For Local LLM Inference (Full Setup + LlamaCpp Inference)

# Make setup script executable and run
chmod +x setup.sh
./setup.sh

# Activate virtual environment
source .venv/bin/activate

# Test the setup (supports --no-local for remote inference only)
python3 test_setup.py

For Remote Inference Only (DeepSeek/Ollama)

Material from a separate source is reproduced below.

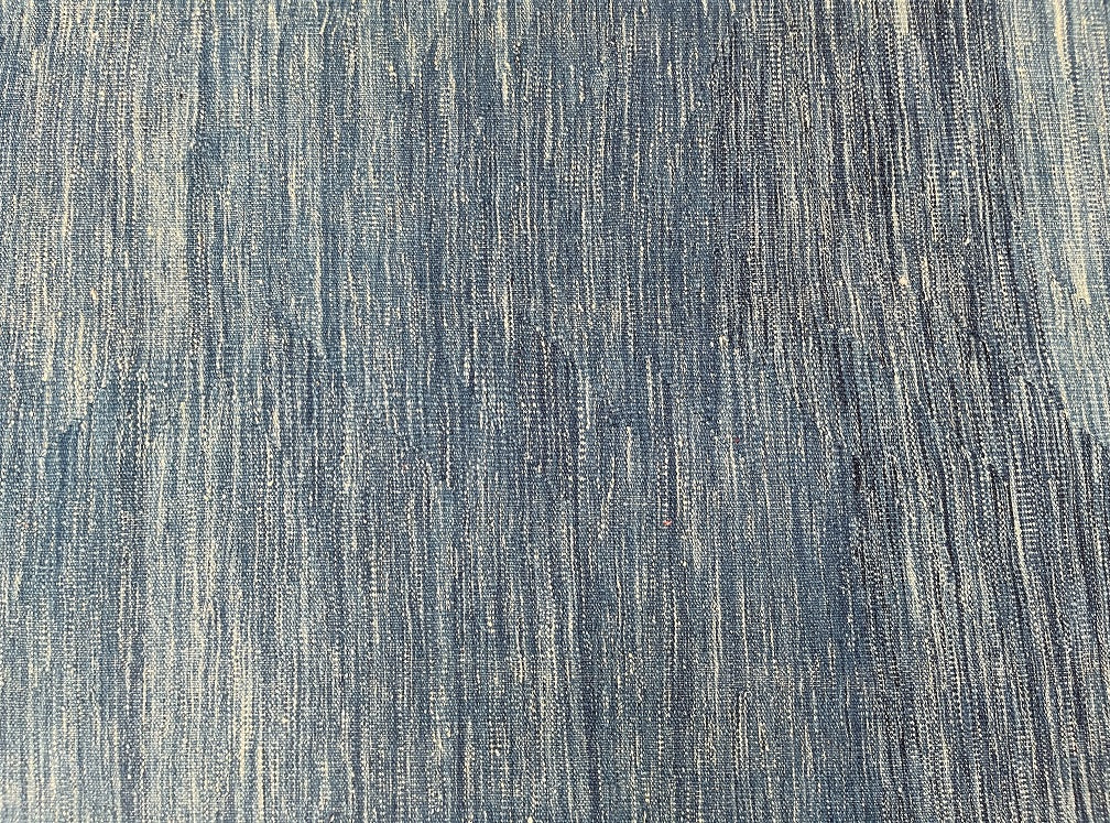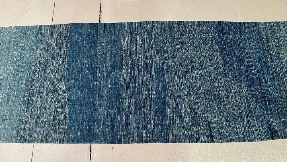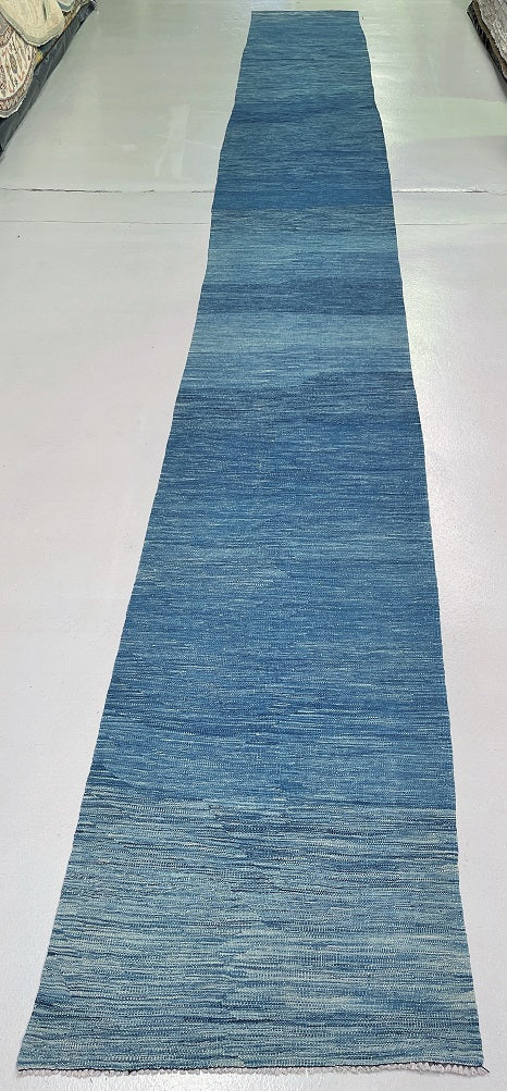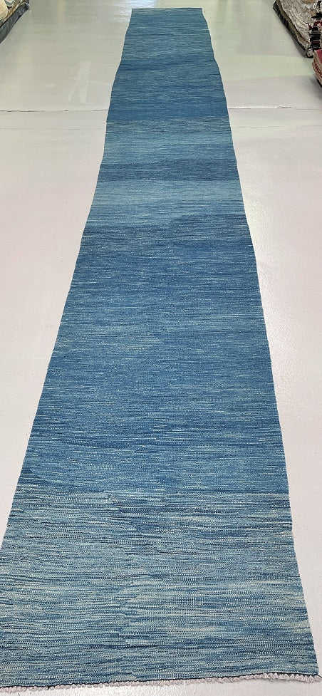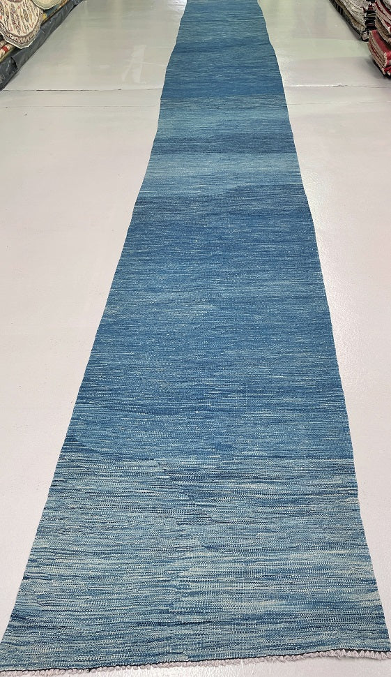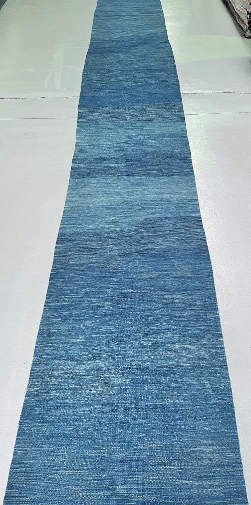 Oversize Contemporary Hand Woven Afghan Waziri Kilim Hall Runner. Please Note The Width Is Slightly Wider In Few Areas As It Is Tribal Handmade Runner. Denim Blue Tones Blended With Slate Blue And Subtle Ivory Wool Highlights Throughout The Weave. It Has A Wool Pile On Wool Base. Tones Dyed Using Traditional Methods.

If you plan to use only DeepSeek or Ollama for inference and don't need the local LLM model:

# Skip local LLM download to save ~4GB disk space
chmod +x setup.sh
./setup.sh --no-local

# Activate virtual environment
source .venv/bin/activate

# Test the setup (supports --no-local for remote inference only)
python3 test_setup.py --no-local

3. Run the Hidden Parrot Attack Demo

Local LLM Inference

# Run with local Phi-3.5-mini-instruct model (default)
python3 src/rag_poisoning_demo.py

Remote Inference Options

Using Ollama:

# Ollama configuration is in .env file (URL and model names)
# No additional setup needed - just run:
python3 src/rag_poisoning_demo.py --infer ollama

Using DeepSeek API:

# Copy the example keys and env file and add your API keys/configurations
cp .keys.example .keys
cp .env.example .env
# Edit .keys file and add your DeepSeek API key

# Run the demo with DeepSeek
python3 src/rag_poisoning_demo.py --infer deepseek

Platform-specific Inference

# Force specific platform/device
python3 src/rag_poisoning_demo.py --infer cpu     # Force CPU
python3 src/rag_poisoning_demo.py --infer cuda    # Force CUDA (if available)
python3 src/rag_poisoning_demo.py --infer darwin  # Force Apple Silicon (MPS)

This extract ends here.